Change grams to moles (divide by molar mass)
Na: 37.69 / 22.99 g = 1.639 moles
F : 62.31 g/19.00 g = 3.279 moles
Divide each by 1.639: Na 1 and F 2 = NaF2

8. What is the empirical formula for: 85.60% C and 14.40% H?

C2H3

CH2

CH3

C2H4

Change percent to grams: 85.6 g C and 14.4 g Hydrogen.
Empirical formula is the simplest whole number ratio of moles.
Change grams to moles (divide by molar mass).
C: 85.6 / 12.01 = 7.127 moles
H : 14.4 g/1.01 = 14.25 moles
Divide by 7.127: C 1 and H 2

Explanation

Change percent to grams: 85.6 g C and 14.4 g Hydrogen.
Empirical formula is the simplest whole number ratio of moles.
Change grams to moles (divide by molar mass).
C: 85.6 / 12.01 = 7.127 moles
H : 14.4 g/1.01 = 14.25 moles
Divide by 7.127: C 1 and H 2

9. What is the percentage of Sulfur in SF₂?

32.06 % Sulfur

25% Sulfur

45.7 % Sulfur

62.67 % Sulfur

The correct answer is 70.06% Sulfur. This is because SF2 is a compound made up of one sulfur atom and two fluorine atoms. To calculate the percentage of sulfur in SF2, we need to find the molar mass of sulfur and divide it by the molar mass of SF2, then multiply by 100. The molar mass of sulfur is 32.06 g/mol, and the molar mass of SF2 is 70.06 g/mol. So, (32.06 g/mol / 70.06 g/mol) * 100 = 45.7%.

Explanation

The correct answer is 70.06% Sulfur. This is because SF2 is a compound made up of one sulfur atom and two fluorine atoms. To calculate the percentage of sulfur in SF2, we need to find the molar mass of sulfur and divide it by the molar mass of SF2, then multiply by 100. The molar mass of sulfur is 32.06 g/mol, and the molar mass of SF2 is 70.06 g/mol. So, (32.06 g/mol / 70.06 g/mol) * 100 = 45.7%.

10. What is the percentage of copper in Copper sulphate?

25.47%

47.675

33.33%

75.24%

The correct answer is 25.47%. Copper sulfate is composed of copper and sulfate ions. The molar mass of copper sulfate is 159.609 g/mol, and the molar mass of copper is 63.546 g/mol. By dividing the molar mass of copper by the molar mass of copper sulfate and multiplying by 100, we can calculate the percentage of copper in copper sulfate. The calculation yields 39.811%, which is approximately equal to 25.47% when rounded to two decimal places.

Explanation

The correct answer is 25.47%. Copper sulfate is composed of copper and sulfate ions.

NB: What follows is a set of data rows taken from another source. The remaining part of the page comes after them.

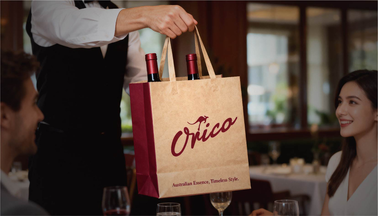 因其原产地是澳洲,客户要求体现澳洲元素并结合红酒的品质感,以区别于国内的红酒品牌。于是超级符号——澳洲袋鼠便诞生了,但是如何让“袋鼠”形象跟其它的区别开来?用手写连笔字与“袋鼠”融合成一个整体,是一种不错的解决方法,手写的连笔字体中融合了酒杯,酒滴等元素,转好地传达了生动、活力、流畅、自然……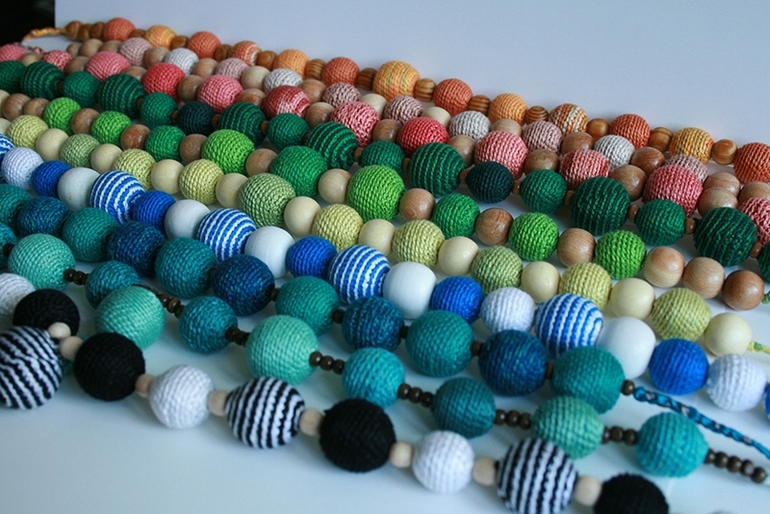 Материал: 13 обвязанных хлопком можжевеловых бусин, 18 можжевеловых бусин без лака, атласные ленты.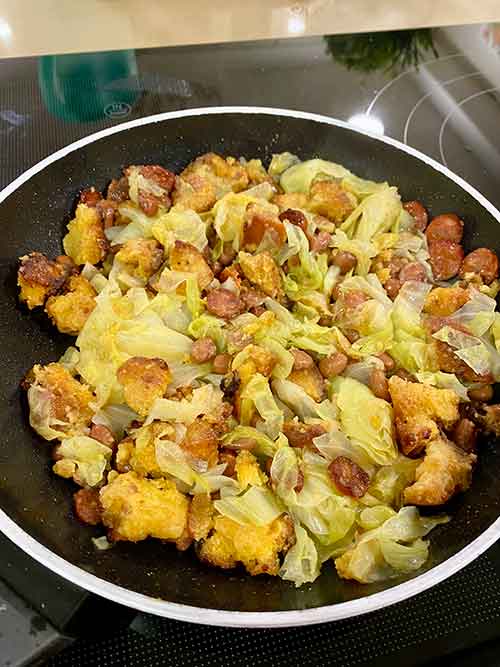 Frita-se até alourar e junta-se então o coelho temperado, com a marinada.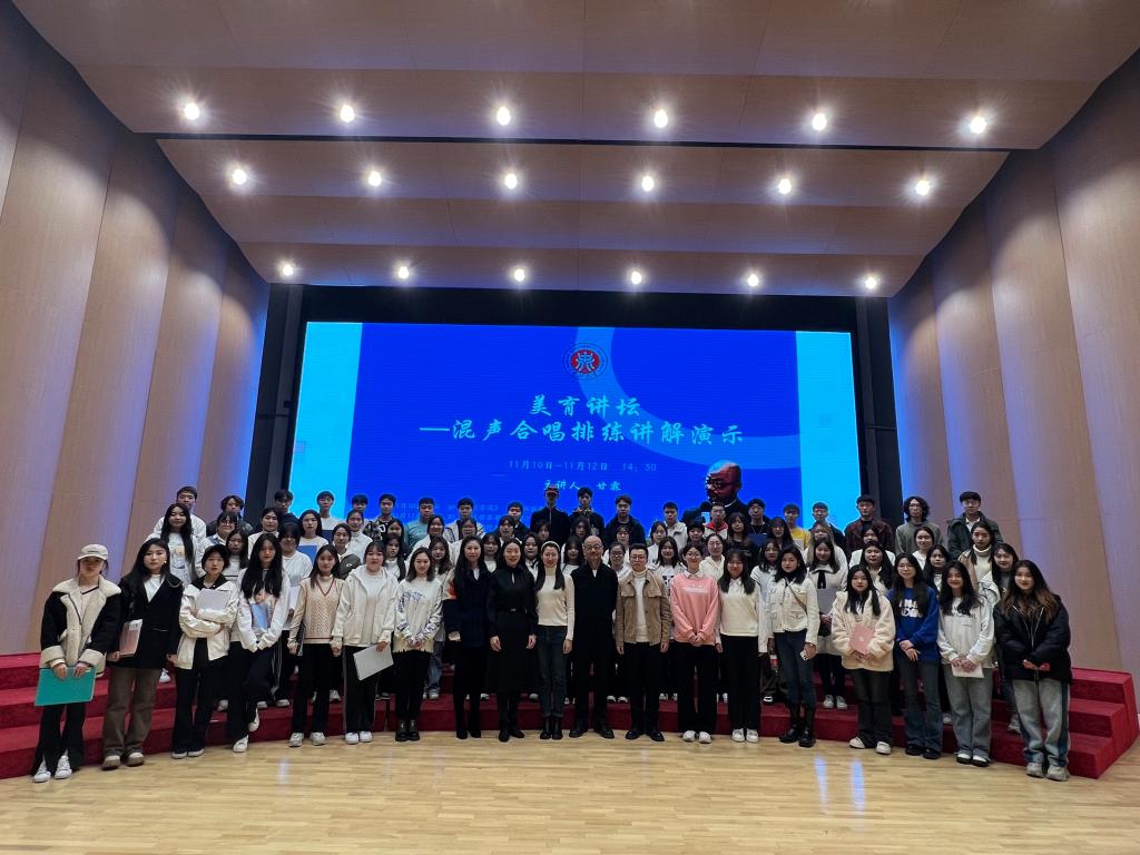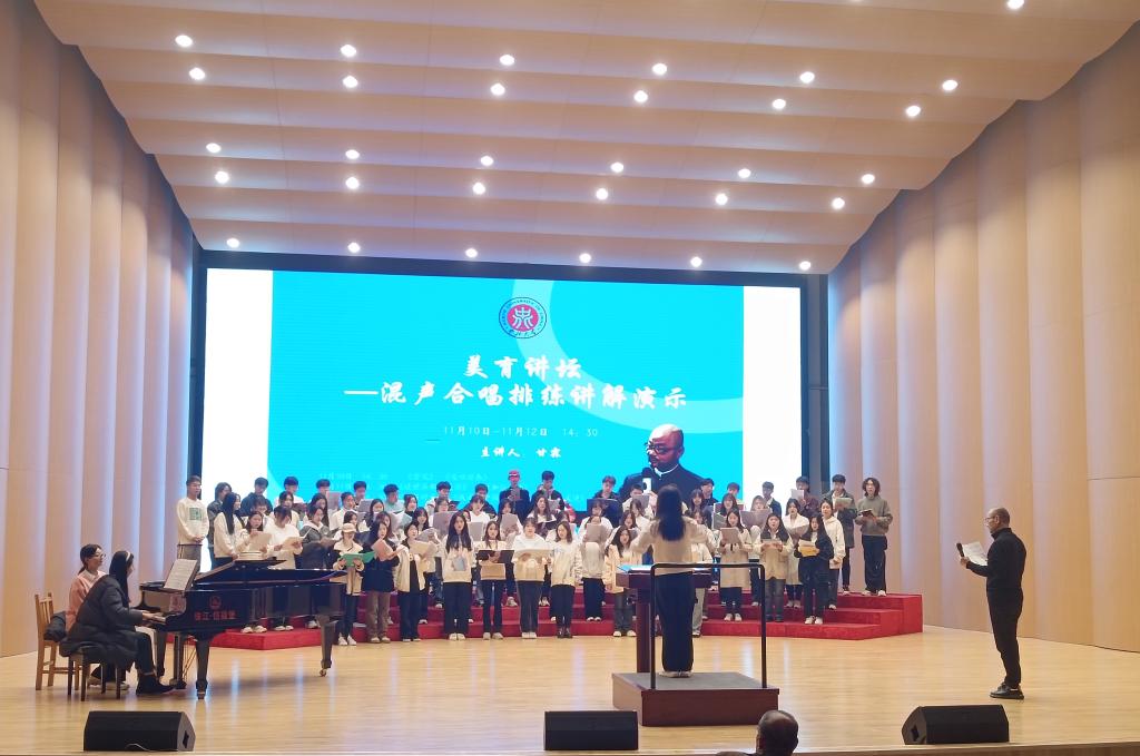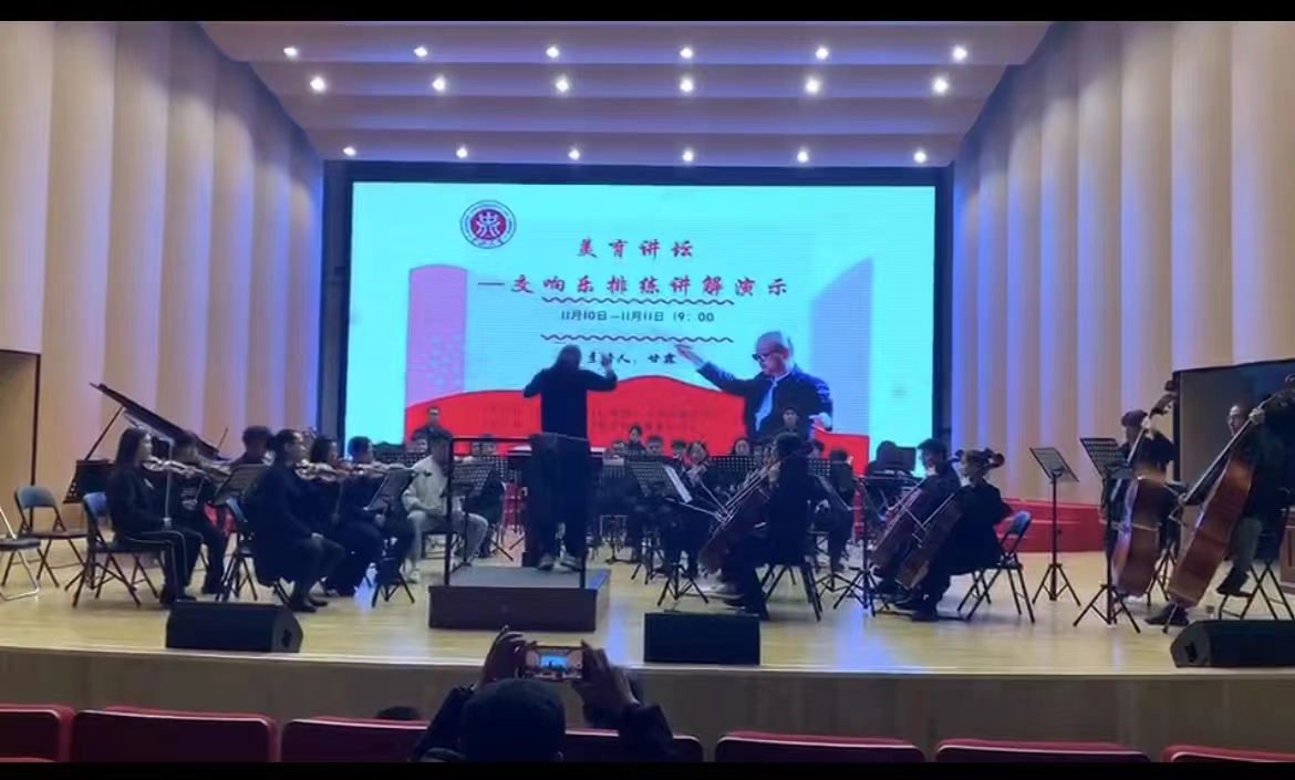 甘霖老师从教育者的角度出发,阐释混声合唱、交响乐的意义——多人多声部在协作中,以享受多声部之间的配合为乐趣的一种艺术形式。甘老师在几天内,共排练了《雪花》、《嘎哦丽泰》、《让世界赞美你》等七首合唱作品、《红旗颂》、《雷电波尔卡》、《匈牙利舞曲第五号》等三首交响乐合奏作品。在排练过程中,他面面俱到,准确地考虑到作品的音准、节奏、用声、速度、力度、乐句、均衡等方面;从分析、理解、发掘和演绎四个层面来处理艺术作品,从而使音乐情感更加细腻,各声部间的变化更为精致。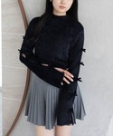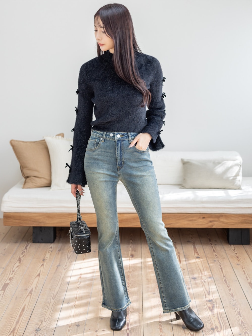 リボンディテールが効いたニットにデニムを合わせ 甘さとクールさをバランスよくミックスしたコーデです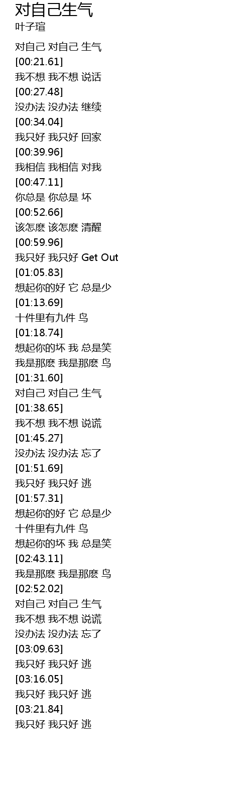 | [02:52.96] | 对自己 对自己 生气 |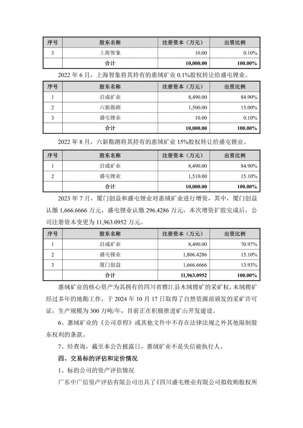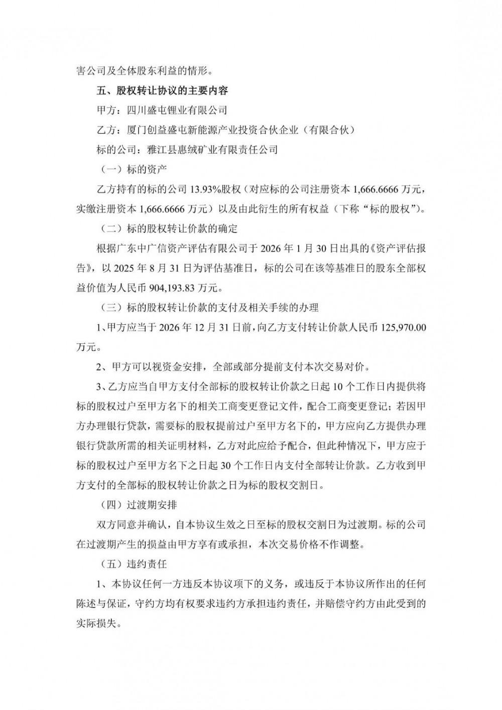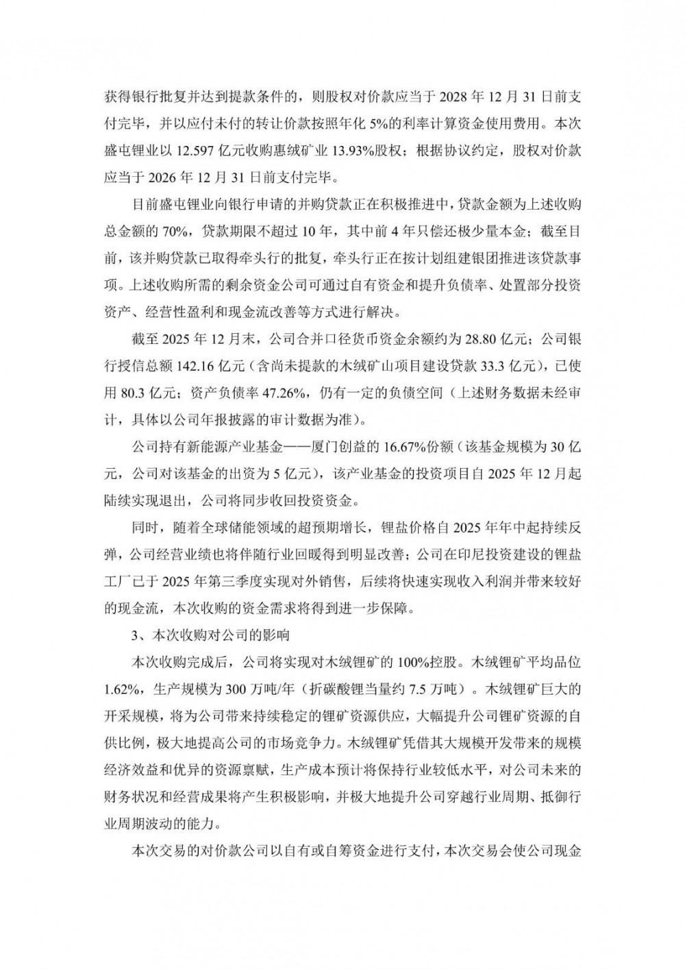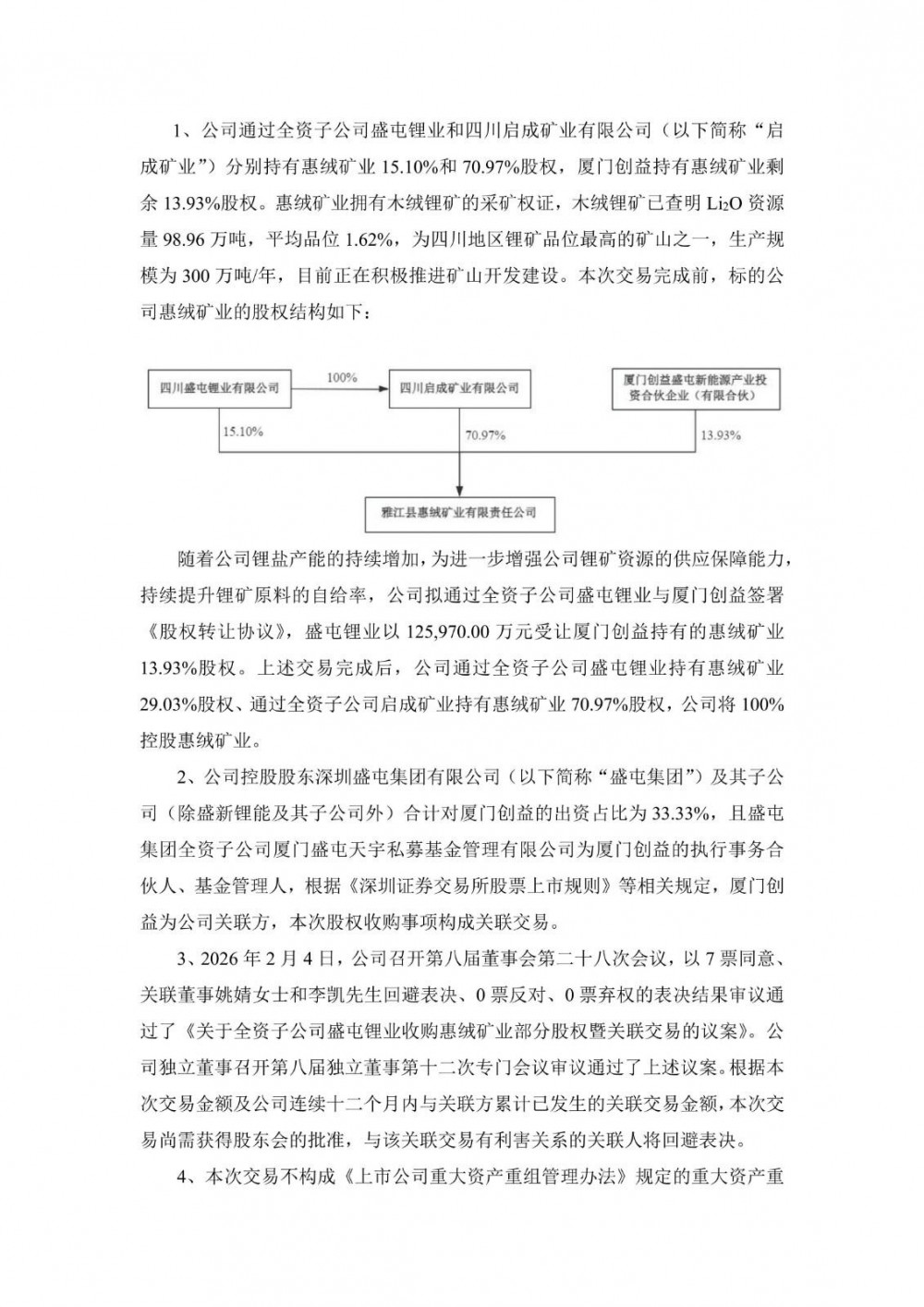 2月4日,盛新锂能发布公告称,公司全资子公司四川盛屯锂业有限公司拟以现金人民币125,970.00万元收购厦门创益盛屯新能源产业投资合伙企业(有限合伙)持有的雅江县惠绒矿业有限责任公司13.93%股权,本次交易完成后,公司将100%控股惠绒矿业。

The molar mass of copper sulfate is 159.609 g/mol, and the molar mass of copper is 63.546 g/mol. By dividing the molar mass of copper by the molar mass of copper sulfate and multiplying by 100, we can calculate the percentage of copper in copper sulfate. The calculation yields 39.811%, which is approximately equal to 25.47% when rounded to two decimal places.